[Opening GIVEN INFORMATION section]

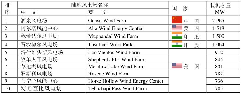 全球十大陸地風(fēng)電場(chǎng)
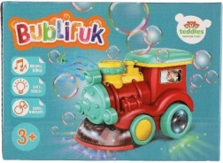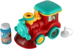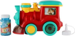 Une locomotive à bulles amusante et interactive pour enfants avec des effets sonores et lumineux, accompagnée d'une solution pour bulles pour encore plus de plaisir.
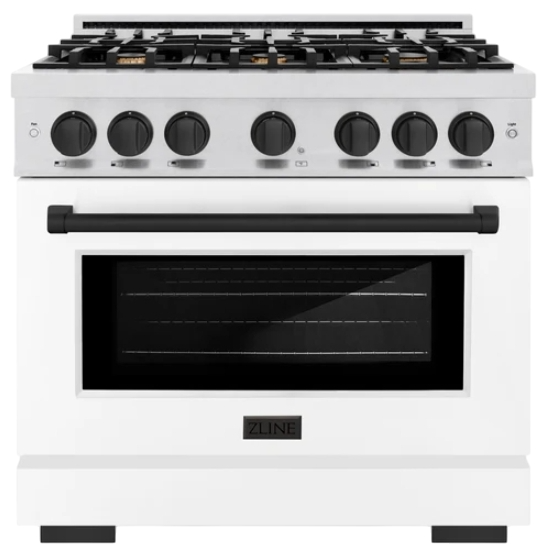 Luxury isn’t meant to be left desired—it’s meant to be attainable. The ZLINE Autograph Edition 36 in. 5.2 cu. ft. Select Dual Fuel Range with 6 Burner Gas Cooktop and Electric Convection Oven in Satin Stainless Steel with White Matte Door and Matte Black Accents (HDRSZ-WM-36-MB) combines the elegance of a hand-finished porcelain gas cooktop with 6 Italian-made auto-reignition burners, an electric convection oven with an energy-efficient cooling fan to ensure quiet operation, a beautiful white matte door with a Horizon window design, and stunning matte black and handle allowing you to master every meal. With a modern, timeless style and refined functionality, ZLINE Select Dual Fuel Ranges are masterfully crafted to deliver an elevated culinary experience.Read More
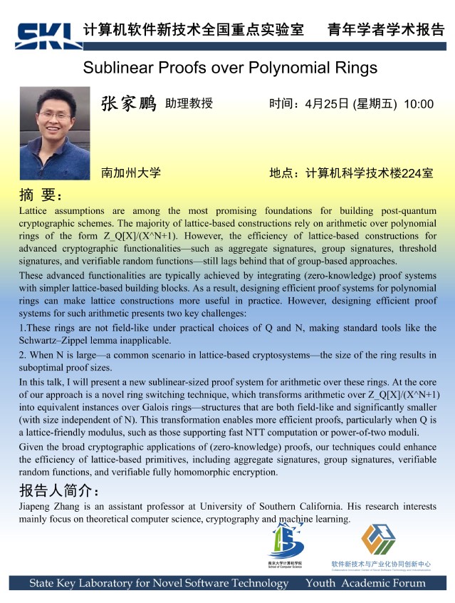 2025年4月25日 “软件新技术讲坛” 学术报告 - 张家鹏 助理教授

[Closing GIVEN INFORMATION section]

> [PROBLEM STATEMENT] The exact lines from the beginning of the data through the one that contains "Une locomotive à" must be given again, both ends included, and pictures must be left out.

> [EXERCISE SOLUTION]
 全球十大陸地風(fēng)電場(chǎng)
 Une locomotive à bulles amusante et interactive pour enfants avec des effets sonores et lumineux, accompagnée d'une solution pour bulles pour encore plus de plaisir.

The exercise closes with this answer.